“Photography always transforms what it describes”

 

Peter Galassi, chief curator of the Department of Photography at the Museum of Modern Art (MoMA) in New York from 1991 to 2011, and curator of the Brassai exhibition, gives us his impressions of this exceptional photographer and an overview of the current state of photography. The Brassai exhibition is currently showing in Fundación MAPFRE’s Madrid exhibition hall, where it will remain until September 2, before traveling to the San Francisco Museum of Modern Art (SFMOMA).

TEXT: ALEJANDRA FERNÁNDEZ   IMAGES: SUSANA SÁEZ

 

Who was Brassaï?

He was a very intelligent and sophisticated child of the old Mitteleuropa, before World War I who embraced wholehearedly the adventure of modernism without losing touch with his cultural roots. In that sense he was not unlike the extraordinary gallery owner Ileana Sonnabend, who was born in Bucharest in 1914 and went on to champion such artists as Robert Rauschenberg and Bernd and Hilla Becher.

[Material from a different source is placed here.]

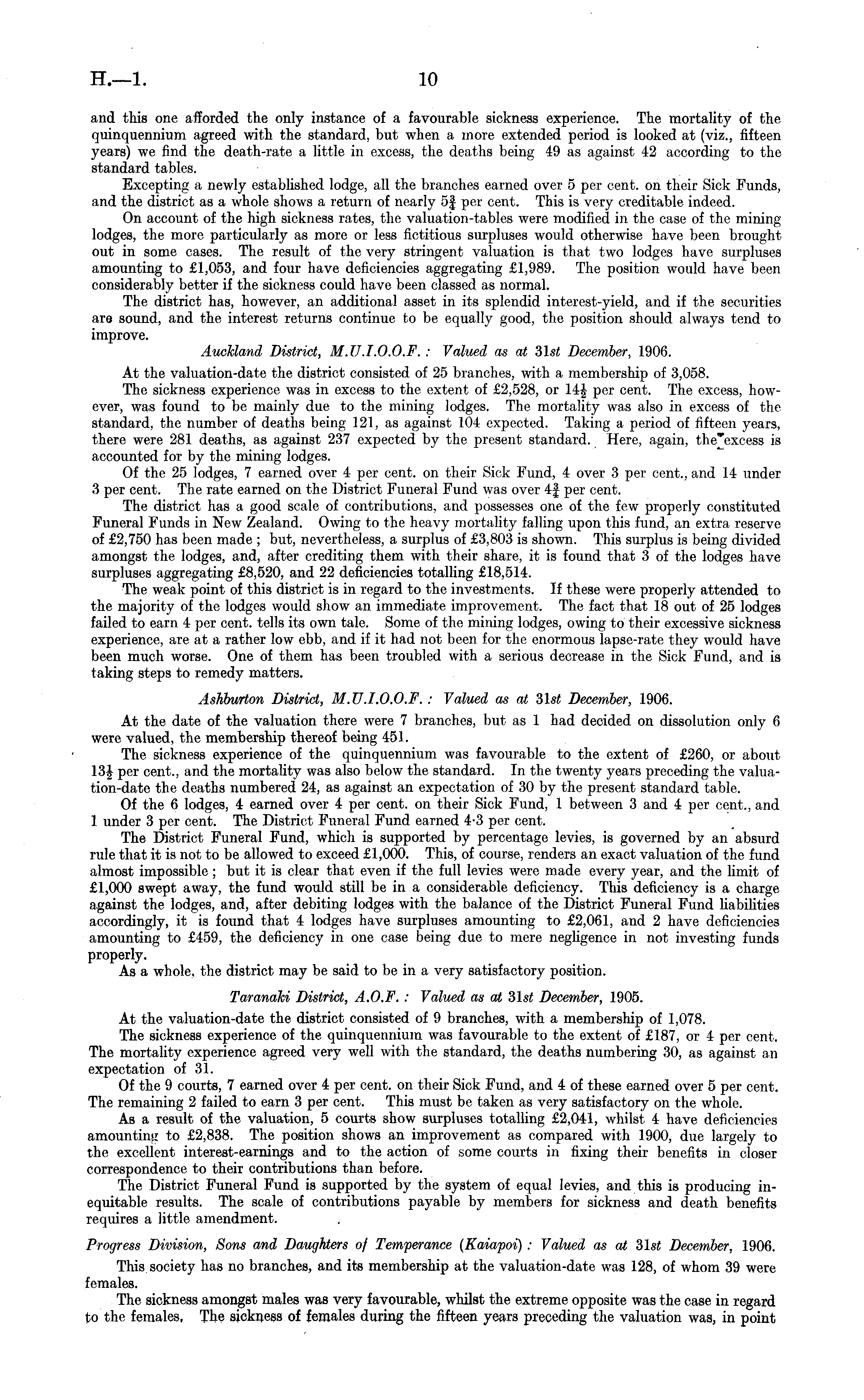 and this one afforded the only instance of a favourable sickness experience. The mortality of the quinquennium agreed with the standard, but when a more extended period is looked at (viz., fifteen years) we find the death-rate a little in excess, the deaths being 49 as against 42 according to the standard tables. Excepting a newly established lodge, all the branches earned over 5 per cent, on their Sick Funds, and the district as a whole shows a return of nearly 5| per cent. This is very creditable indeed. On account of the high sickness rates, the valuation-tables were modified in the case of the mining lodges, the more particularly as more or less fictitious surpluses would otherwise have been brought out in some cases. The result of the very stringent valuation is that two lodges have surpluses amounting to £1,053, and four have deficiencies aggregating £1,989. The position would have been considerably better if the sickness could have been classed as normal. The district has, however, an additional asset in its splendid interest-yield, and if the securities are sound, and the interest returns continue to be equally good, the position should always tend to improve. Auckland District, M.ZJ.1.0.0.F. : Valued as at 31st December, 1906. At the valuation-date the district consisted of 25 branches, with a membership of 3,058. The sickness experience was in excess to the extent of £2,528, or 14| per cent. The excess, however, was found to be mainly due to the mining lodges. The mortality was also in excess of the standard, the number of deaths being 121, as against 104 expected. Taking a period of fifteen years, there were 281 deaths, as against 237 expected by the present standard. Here, again, the'excess is accounted for by the mining lodges. Of the 25 lodges, 7 earned over 4 per cent, on their Sick Fund, 4 over 3 per cent., and 14 under 3 per cent. The rate earned on the District Funeral Fund was over 4f per cent. The district has a good scale of contributions, and possesses one of the few properly constituted Funeral Funds in New Zealand. Owing to the heavy mortality falling upon this fund, an extra reserve of £2,750 has been made ; but, nevertheless, a surplus of £3,803 is shown. This surplus is being divided amongst the lodges, and, after crediting them with their share, it is found that 3 of the lodges have surpluses aggregating £8,520, and 22 deficiencies totalling £18,514. The weak point of this district is in regard to the investments. If these were properly attended to the majority of the lodges would show an immediate improvement. The fact that 18 out of 25 lodges failed to earn 4 per cent, tells its own tale. Some of the mining lodges, owing to their excessive sickness experience, are at a rather low ebb, and if it had not been for the enormous lapse-rate they would have been much worse. One of them has been troubled with a serious decrease in the Sick Fund, and is taking steps to remedy matters. Ashburton District, M.U.1.0.0.F. : Valued as at 31st December, 1906. At the date of the valuation there were 7 branches, but as 1 had decided on dissolution only 0 were valued, the membership thereof being 451. The sickness experience of the quinquennium was favourable to the extent of £260, or about 13J per cent., and the mortality was also below the standard. In the twenty years preceding the valua-tion-date the deaths numbered 24, as against an expectation of 30 by the present standard table. Of the 6 lodges, 4 earned over 4 per cent, on their Sick Fund, 1 between 3 and 4 per cent., and 1 under 3 per cent. The District Funeral Fund earned 4-3 per cent. The District Funeral Fund, which is supported by percentage levies, is governed by an absurd rule that it is not to be allowed to exceed £1,000. This, of course, renders an exact valuation of the fund almost impossible ; but it is clear that even if the full levies were made every year, and the limit of £1,000 swept away, the fund would still be in a considerable deficiency. This deficiency is a charge against the lodges, and, after debiting lodges with the balance of the District Funeral Fund liabilities accordingly, it is found that 4 lodges have surpluses amounting to £2,061, and 2 have deficiencies amounting to £459, the deficiency in one case being due to mere negligence in not investing funds properly. As a whole, the district may be said to be in a very satisfactory position. Taranaki District, A.O.F. : Valued as at 31st December, 1905. At the valuation-date the district consisted of 9 branches, with a membership of 1,078. The sickness experience of the quinquennium was favourable to the extent of £187, or 4 per cent. The mortality experience agreed very well with the standard, the deaths numbering 30, as against an expectation of 31. Of the 9 courts, 7 earned over 4 per cent, on their Sick Fund, and 4 of these earned over 5 per cent. The remaining 2 failed to earn 3 per cent. This must be taken as very satisfactory on the whole. As a result of the valuation, 5 courts show surpluses totalling £2,041, whilst 4 have deficiencies amounting to £2,838. The position shows an improvement as compared with 1900, due largely to the excellent interest-earnings and to the action of some courts in fixing their benefits in closer correspondence to their contributions than before. The District Funeral Fund is supported by the system of equal levies, and this is producing inequitable results. The scale of contributions payable by members for sickness and death benefits requires a little amendment. Progress Division, Sons and Daughters of Temperance (Kaiapoi) : Valued as at 31st December, 1906. This society has no branches, and its membership at the valuation-date was 128, of whom 39 were females. The sickness amongst males was very favourable, whilst the extreme opposite was the case in regard to the females, The sickness of females during the fifteen years preceding the valuation was, in point

How did he contribute to photography?

Around 1930, on both sides of the Atlantic, a number of young artists discovered that ordinary descriptive photography — small black-and-white images on paper, devoid of all of the traditional signs of aesthetic distinction— could be the stuff of art. Collectively, they launched a new artistic tradition. Brassaï was one of them. Within that realm his contribution was an especially blunt and direct style that showed that photography always transforms what it describes, even when it seems to be at its most transparent. And he gave us the most eloquent and enchanting photographic version of the rich mythology of Paris at night.

What is Brassaï’s relationship with literature like?

Brassaï’s father was a scholar of French literature; you might say that he had literary erudition in his blood. After his native Hungarian, his first languague was German, and from his early twenties onward, Goethe was his key intellectual and spiritual guide. But Brassaï also mastered French, and his literary hero was Proust, and he wrote a very engaging book about photography in Proust’s great novel In Search of Lost Time. Among Brassaï’s closest friends were French poets such as Henri Michaux and Pierre Reverdy, and it is clear from his library (now at the Centre Pompidou) that he read voraciously in philosophy and history as well as literature.

What capacities does Brassaï have in other arts such as drawing and sculpture?

Brassaï’s drawings from his student days in Berlin (1920-21) are very impressive, and the best of the ones he made during and just after the Occupation of Paris are quite good as well. He loved to quote Picasso, who disdained photography and encouraged Brassaï’s drawing, and who said, “You own a gold mine but you are exploiting a salt mine.” To my eye the sculptures are somewhat less successful —or perhaps more variable in quality, for the best of them, such as the one from 1971 that is in the exhibition, are quite striking.

Throughout your professional career thousands of photographs have passed through your hands, but which of them or what photographer remains in your memory?

A great deal of what I have seen remains in my memory (at least until now). I have vivid a visceral recollection of the first prints that I saw by Diane Arbus —in 1971, when I was twenty— although I don’t claim that I recognized her importance right away. (It wasn’t an exhibition; someone showed them to me.) And I think I could close m y eyes and enumerate for you a very significant number of specific individual photographs in the collection of the Museum of Modern Art, where I worked for thirty years. Nor would I wish to choose one or even several favourite photographers (or artists or writers). The great thing is that we can have them all.

What museum is a benchmark for you? (the one you go back to time and time again)

I would say rather that museums —plural— are an indispensable reference for me. I live in New York, so I have most often visited the Metropolitan Museum and MoMA—though I also regularly visit the city’s other great museums, both for their temporary exhibitions and their great collections, to visit old friends such as Bellini’s St. Francis at the Frick or the Edward Hoppers at the Whitney. When I travel, museums —plural again— are always at the top of my list. Of course, if I lived in Madrid I might feel I could go to the Prado and simply never need to visit another museum. But I do not have that good fortune.

Digital or analog cameras?

There is no longer any reason to use analog materials in photography. Digital does everything that analog can do, it does it faster, with a great deal less mess, and it doesn’t require a darkroom. (Just in terms of making the initial exposure: a digital camera shows you the image right away and eliminates the expense of film.) I would not go as far as my friend, the late Richard Benson, who insisted that henceforth photographs belong on screens —a judgment that was all the more stunning since he was such a master of photographs on paper and other fixed supports, which I continue to enjoy deeply.

What are your expectations/ thoughts about the future of the photograph

Telephones are no longer just telephones. Televisions are no longer just televisions. Photography is now thoroughly integrated into the digital ether that surrounds us and permeates our lives. What I care about most deeply is the artistic tradition that Brassaï helped to establish nearly a century ago. For the first three or four decades it was overshadowed by the magazine industry. Then it was muscled aside by the circus of contemporary art, and now it may be dissolving into the digital soup. And yet it remains a very rich and powerful art.